The open-loop approach with the dose determined offline can be seen to be theoretically correct and was demonstrated to work properly under the idealized assumption of model parameters that are exactly known. However, it was not possible to prevent the situation where the steady-state concentration of the drug is outside the therapeutic range due to parametric uncertainties. The parametric uncertainties ultimately caused a bias in the system static gain, rendering the determined open-loop dose either ineffective or toxic. Therefore, such a design cannot be considered robust [19,20].
On the other hand, the advantage of the closed-loop approach with the integral controller is that the drug concentrations converged to the requested steady-state value regardless of the actual values of uncertain model parameters. Due to this, for an appropriately chosen controller gain ( k i ), the trajectories of the drug concentrations converged to the desired steady-state level ( r ) aperiodically (i.e., without overshoots). Therefore, any violation of the therapeutic range could be avoided and the therapy was completely safe.
Finally, by adding the state feedback control with an appropriate robust control design, we could achieve the stabilization of a system that became unstable due to uncertainties while ensuring the convergence of the drug concentration to the requested steady-state value. It was shown that after stabilization of the unstable object, it was possible to successfully control the repeated drug administration.
Compared with the fixed dose protocol, the closed-loop delivery scheme is very flexible in affecting the time until the drug concentration reaches the therapeutic range. The performance of the closed loop therapy can be tuned by adjusting the integration gain k i and the state-feedback gain K in terms of tuning the corresponding parameters of robust control design algorithm (25), which should be chosen in such a way that the monotonic concentration growth is ensured.
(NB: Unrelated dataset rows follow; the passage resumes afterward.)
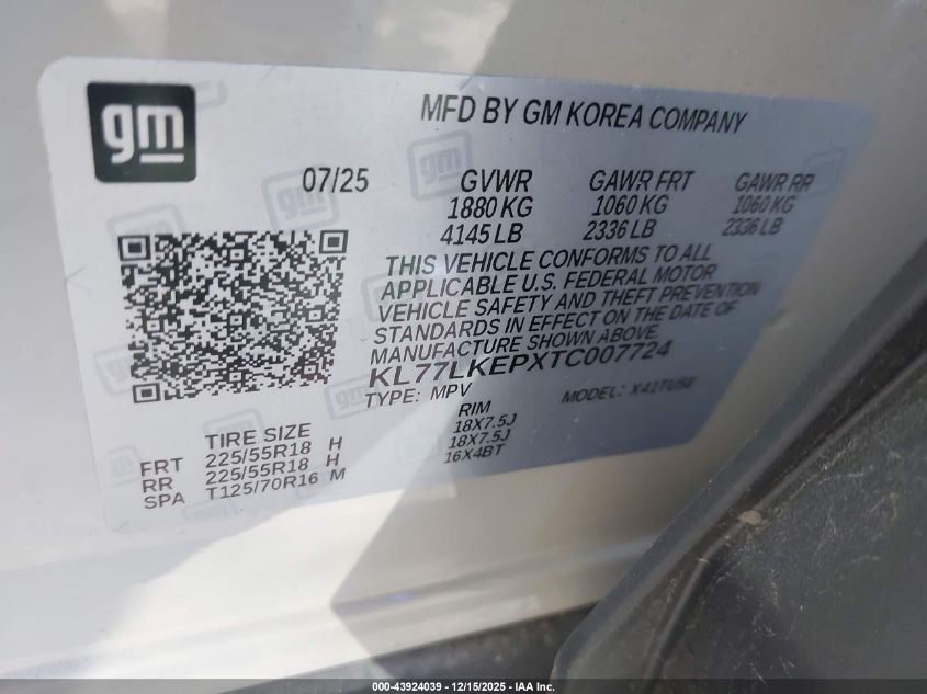 2026 CHEVROLET TRAX - KL77LKEPXTC007724, колір - Білий, 1.2, Бензин, Передній привід із США
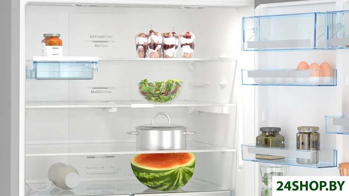 - Дополнительная комплектация: выдвижная полка, подвесной контейнер, подставка-лоток для бутылок, лоток для яиц
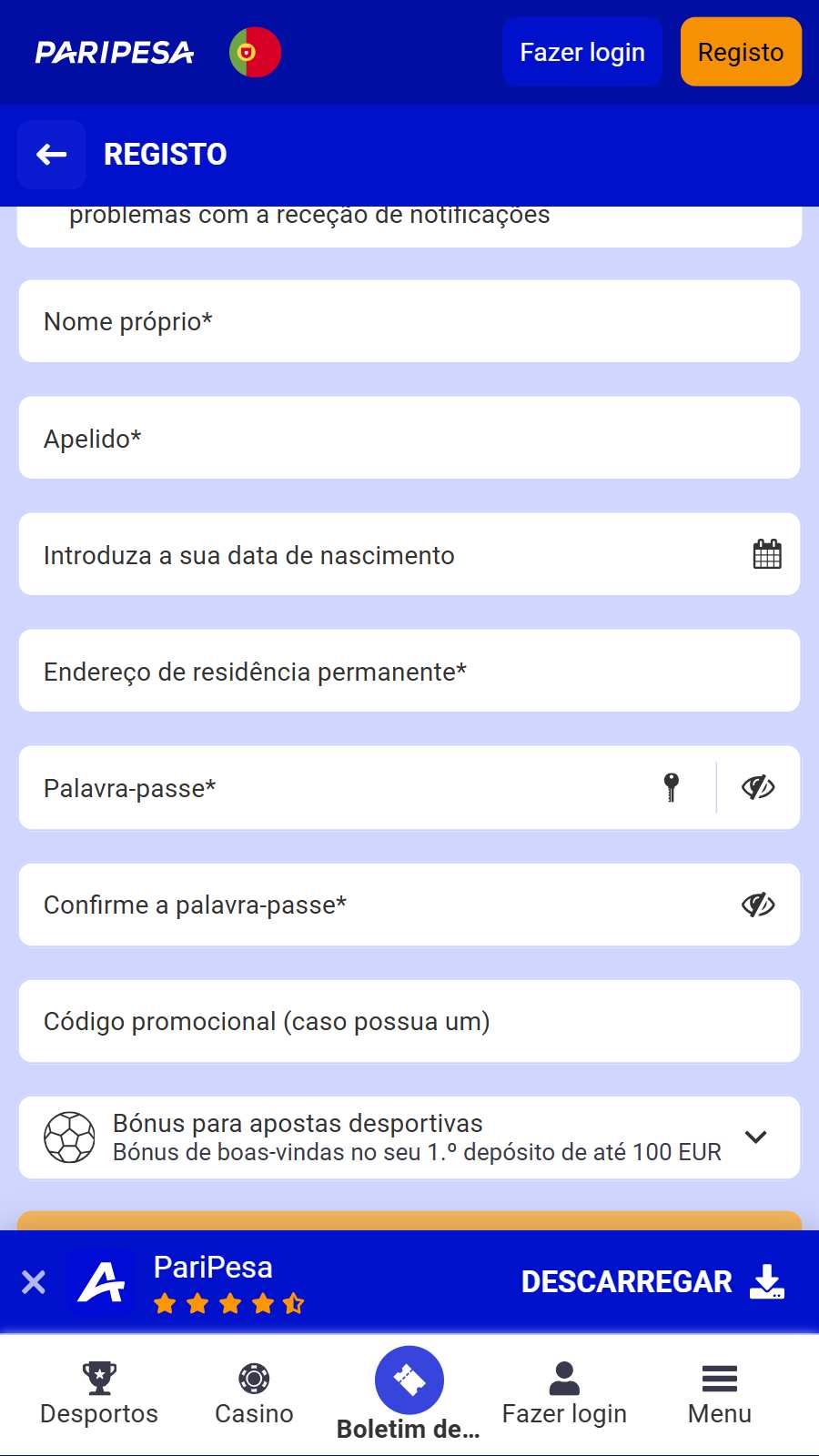 Para que as apostas desportivas tenham efeito, é mesmo obrigatório estar registado. Para isso, segue os passos seguintes:
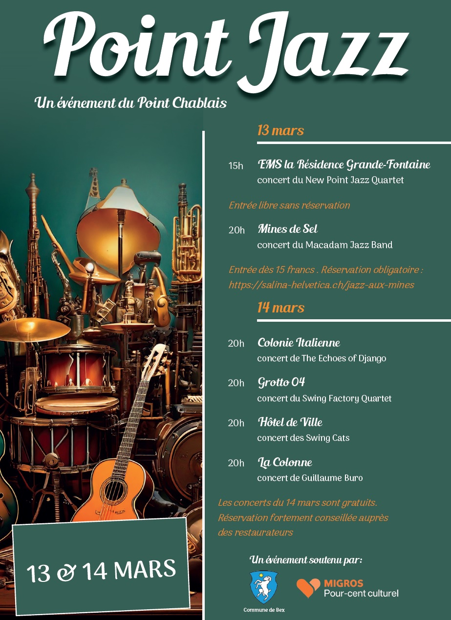 La Colonia Libera Italiana di Bex invita tutti i soci, le socie, gli amici e le amiche della CLI al Point Jazz. L’evento è promosso dal Point Chablais e torna il 13 e 14 marzo con un ricco programma di concerti tra Bex e le suggestive Miniere di Sale. Due giornate dedicate al jazz in diverse sfumature, con appuntamenti pomeridiani e serali in location caratteristiche.
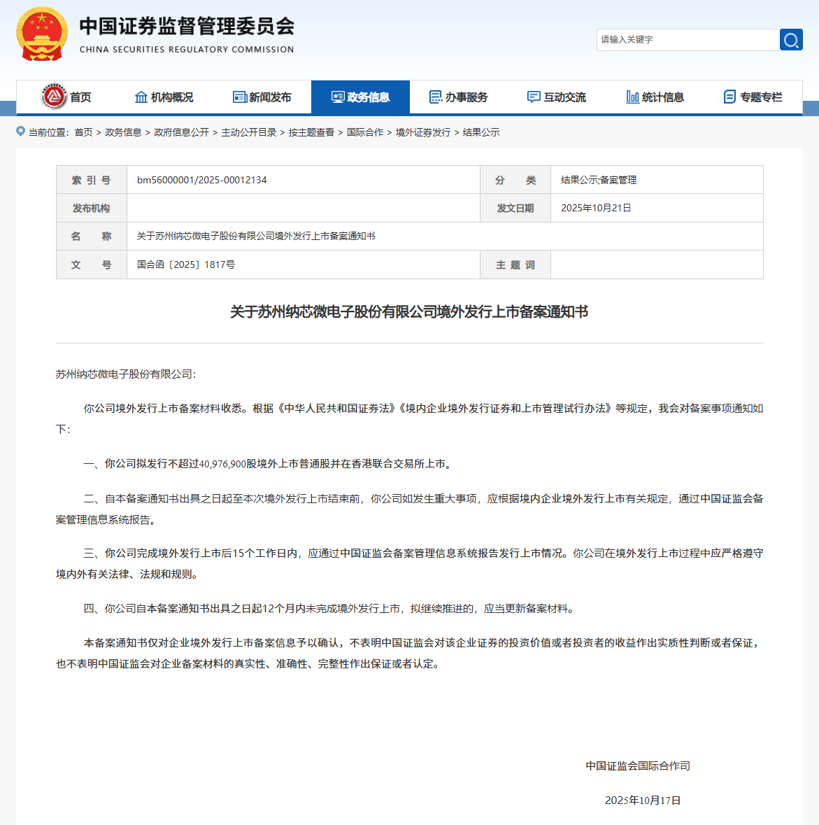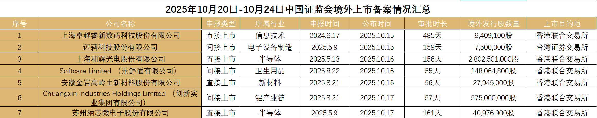 截至2025年10月24日,中国证监会最新公布的境外发行上市备案信息显示,本周共有七家企业获中国证监会境外上市备案批准,分别是上海卓越睿新数码科技股份有限公司、迈萪科技股份有限公司、上海和辉光电股份有限公司、Softcare Limited (乐舒适有限公司)、安徽金岩高岭土新材料股份有限公司、Chuangxin Industries Holdings Limited (创新实业集团有限公司)、苏州纳芯微电子股份有限公司。 其中六家上市目的地为香港联合交易所,一家为台湾证券交易所。
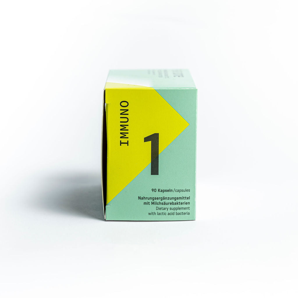 Nahrungsergänzungsmittel mit 8 lebenden, milchsäurebildenden Bakterienkulturen, Agaven Inulin, Hefe, Ingwer, Curcuma und Vitamin D für eine natürliche Immunsystemunterstützung.
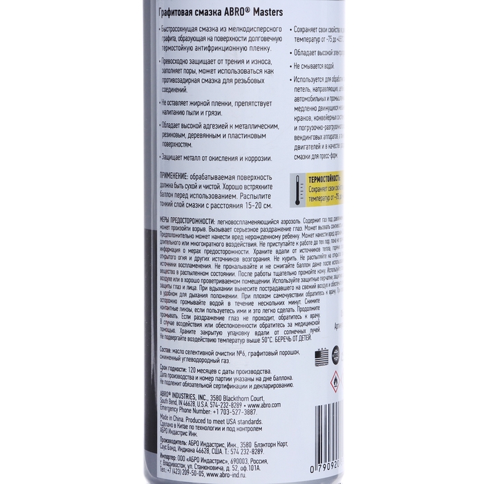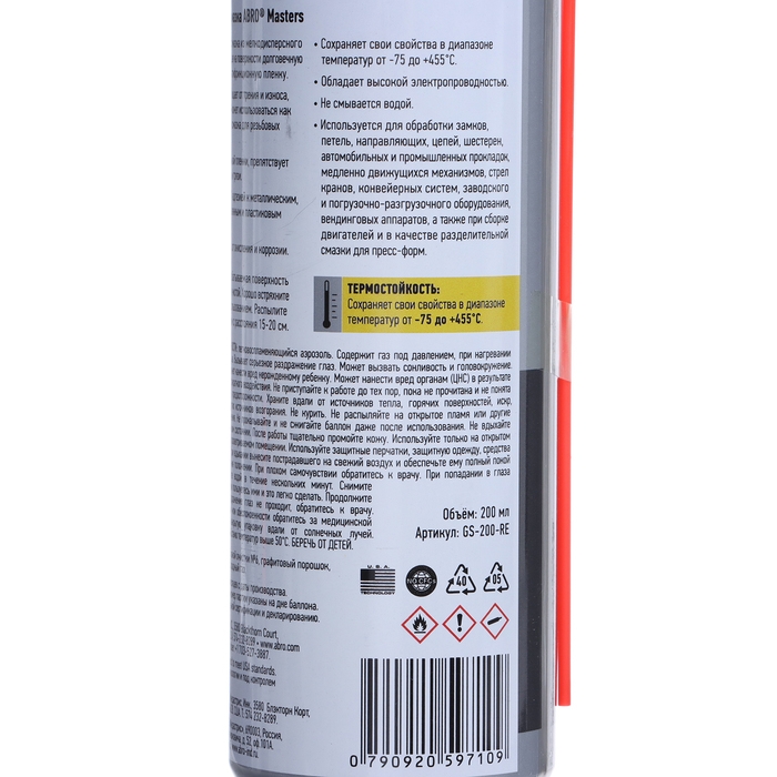Смазка-спрей графитовая ABRO MASTERS, 200 мл, GS-200-RE
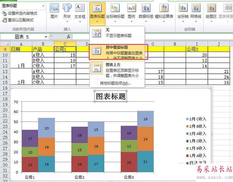 6、最后,我們來為表格增加標題,選中表格,在菜單欄中選擇“布局”選項卡,點擊圖表標題,選擇“居中覆蓋標題”即可,修改標題名稱,即可得到我們的目標多層柱狀圖。
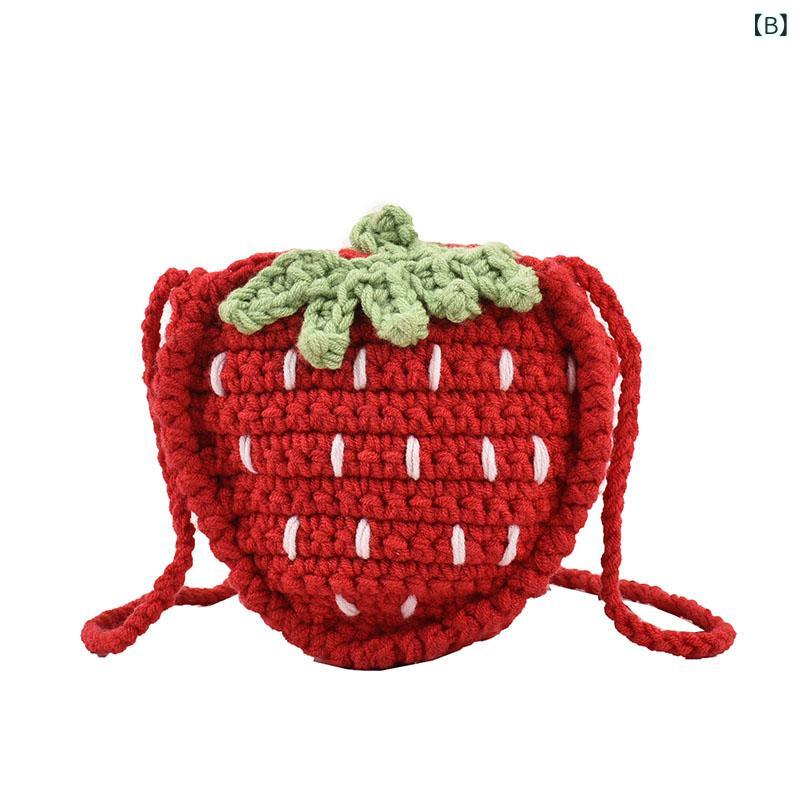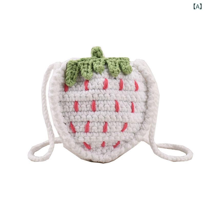 ニットバッグ 子供用 いちごモチーフ ショルダーバッグ 幼稚園児 女の子 ポシェット 斜めがけ 手編み 毛糸 超軽量 通気性 耐摩耗性 ホワイト レッド ピンク系
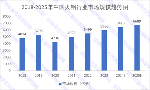 除2020年受疫情影響外,火鍋行業(yè)一直保持穩(wěn)定增長態(tài)勢。火鍋口味多元、社交屬性強,相比其他餐飲品類,火鍋餐飲行業(yè)更容易實現(xiàn)規(guī)?;?、標準化。根據(jù)市場調(diào)研數(shù)據(jù)顯示,2023年中國火鍋行業(yè)市場規(guī)模達到5966億元,預計2024年市場規(guī)模將繼續(xù)增長,突破6000億元。

In this way, the aggressiveness of the therapy can be adjusted to minimize the delays in reaching the therapeutic range by increasing the integration gain. However, a reasonable trade-off between the speed and safety of the therapy must be chosen since more aggressive policies usually lead to dangerous overshoots and, ultimately, to deteriorated robustness. It is important to note that with increasing control aggressiveness, the sensitivity of the control performance with respect to the magnitude of parametric uncertainties also typically increases.

5. Conclusions

This paper considers the pharmacokinetic compartmental model, which the authors designed and parametrically identified from in vivo concentration samples [4,14]. The aim was to design a dosing protocol for repeated administration. It was supposed that the model parameters are uncertain due to numerous reasons, which means that their values vary within a finite interval. The limits of the parametric uncertainties were individually set to 10% of the corresponding nominal values.
Because repeated drug dosing is essentially a discrete time process, it was decided to solve the problem completely in the discrete time domain. To this end, the original continuous time model was first transformed into its discrete time counterpart, and both the open-loop and the closed-loop analyses were performed solely in the discrete time domain. The repeated drug dosing problem was approached in the following three different ways:
First, in the open-loop approach, the system static gain and the doses of constant size, which were repeatedly administered, were determined, forcing the drug concentration to reach the given steady-state level of the drug concentration and to maintain this level for a given time interval.
Second, in the closed-loop approach, the initial oral dose was administered, and after the dosing interval T = 6 h, the sample of the drug concentration was taken. Information about its value was passed to the integrating controller, which computed the size of the next dose. This strategy could ensure that drug concentrations converge to the requested steady-state value regardless of actual uncertain model parameters.
In the third approach, the problem of repeated drug dosing for the subject (more precisely, its model), which was not only uncertain but also unstable, was resolved. Although, at first glance, such a situation may seem very rare or even impossible to happen in a living body, it has been shown that this is nothing unnatural. These issues were discussed in Section 3.6.
It can be concluded that the main practical limitation of the proposed strategy is in providing full state feedback; yet, this requirement can be reduced using a state observer [5]. Hence, the required feedback reduces to sensing only the drug concentration in the output compartment, which, today, is feasible due to the extensive development of sensors and wearable electronic devices for biomedical applications.
The results presented in Section 3.6 create the basis for a future analysis of the possible treatment of tumor growth, which is typically an unstable system. This problem is briefly outlined in Appendix A in the form of a short authors’ reflection.

Author Contributions

Conceptualization, data acquisition and curation, implementation of in vivo experiments, Z.V. and A.V.; methodology, Z.V.; software, M.D.; validation, Z.V., A.V. and M.D.; formal analysis, E.M.; investigation, A.V. and E.M.; resources, J.P.; writing—original draft preparation, Z.V. and A.V.; writing—review and editing, M.D. and A.B.; visualization, M.D.; supervision, E.M.; funding acquisition, J.P. All authors have read and agreed to the published version of the manuscript.

Funding

The research is supported by the grant VEGA 1/0049/20–Modelling and control of biosystems, granted by the Ministry of education, science, development, and sport of the Slovak republic.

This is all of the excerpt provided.